- _Directions for this task_: Take the entries that follow and return exactly the lines from the one holding "BB-700 Surface Mount Backbox" through the one holding "Easy installation with DELTA®-FAST'ners.", both included. Nothing else is needed.
------ Excerpted data ------
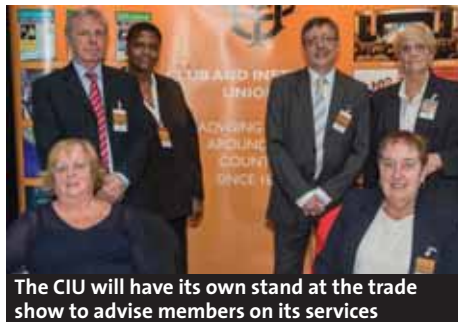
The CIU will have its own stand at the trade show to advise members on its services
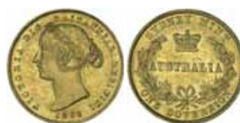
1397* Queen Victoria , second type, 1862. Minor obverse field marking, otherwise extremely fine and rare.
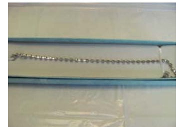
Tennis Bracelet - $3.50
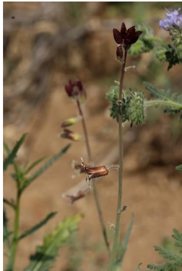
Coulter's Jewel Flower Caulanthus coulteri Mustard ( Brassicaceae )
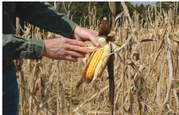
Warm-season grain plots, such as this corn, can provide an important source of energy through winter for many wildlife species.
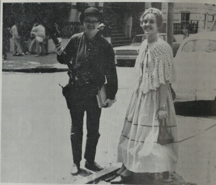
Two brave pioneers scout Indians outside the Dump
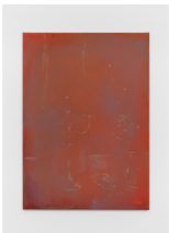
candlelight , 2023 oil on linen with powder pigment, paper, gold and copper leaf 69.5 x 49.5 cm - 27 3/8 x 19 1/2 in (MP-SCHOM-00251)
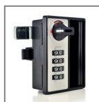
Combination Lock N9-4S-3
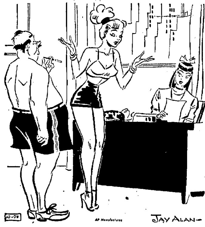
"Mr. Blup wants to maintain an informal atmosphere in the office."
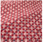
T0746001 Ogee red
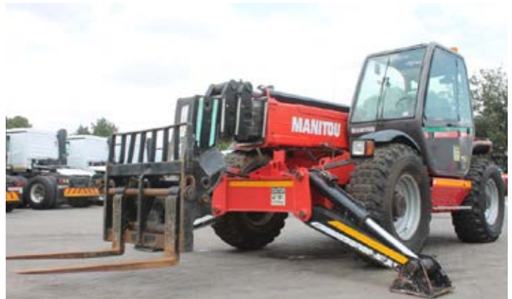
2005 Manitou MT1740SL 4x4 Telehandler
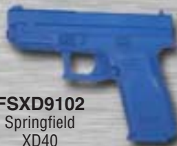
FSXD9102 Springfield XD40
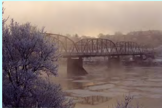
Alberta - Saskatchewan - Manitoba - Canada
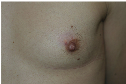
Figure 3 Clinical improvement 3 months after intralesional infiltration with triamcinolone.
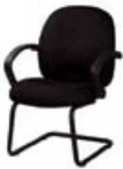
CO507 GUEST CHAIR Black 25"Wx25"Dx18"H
------
------ Excerpted data ------
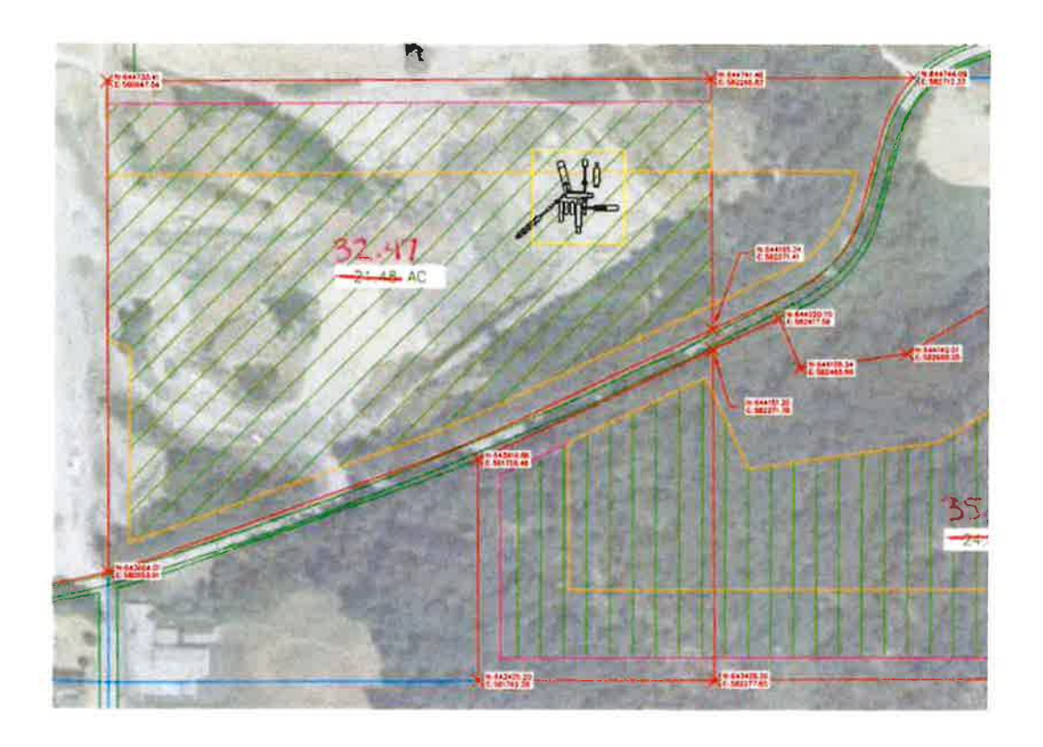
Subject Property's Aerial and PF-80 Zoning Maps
------
------ Excerpted data ------
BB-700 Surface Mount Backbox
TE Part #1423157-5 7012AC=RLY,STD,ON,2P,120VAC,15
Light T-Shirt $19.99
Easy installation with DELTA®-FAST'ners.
------
- _Task answer_:
BB-700 Surface Mount Backbox
TE Part #1423157-5 7012AC=RLY,STD,ON,2P,120VAC,15
Light T-Shirt $19.99
Easy installation with DELTA®-FAST'ners.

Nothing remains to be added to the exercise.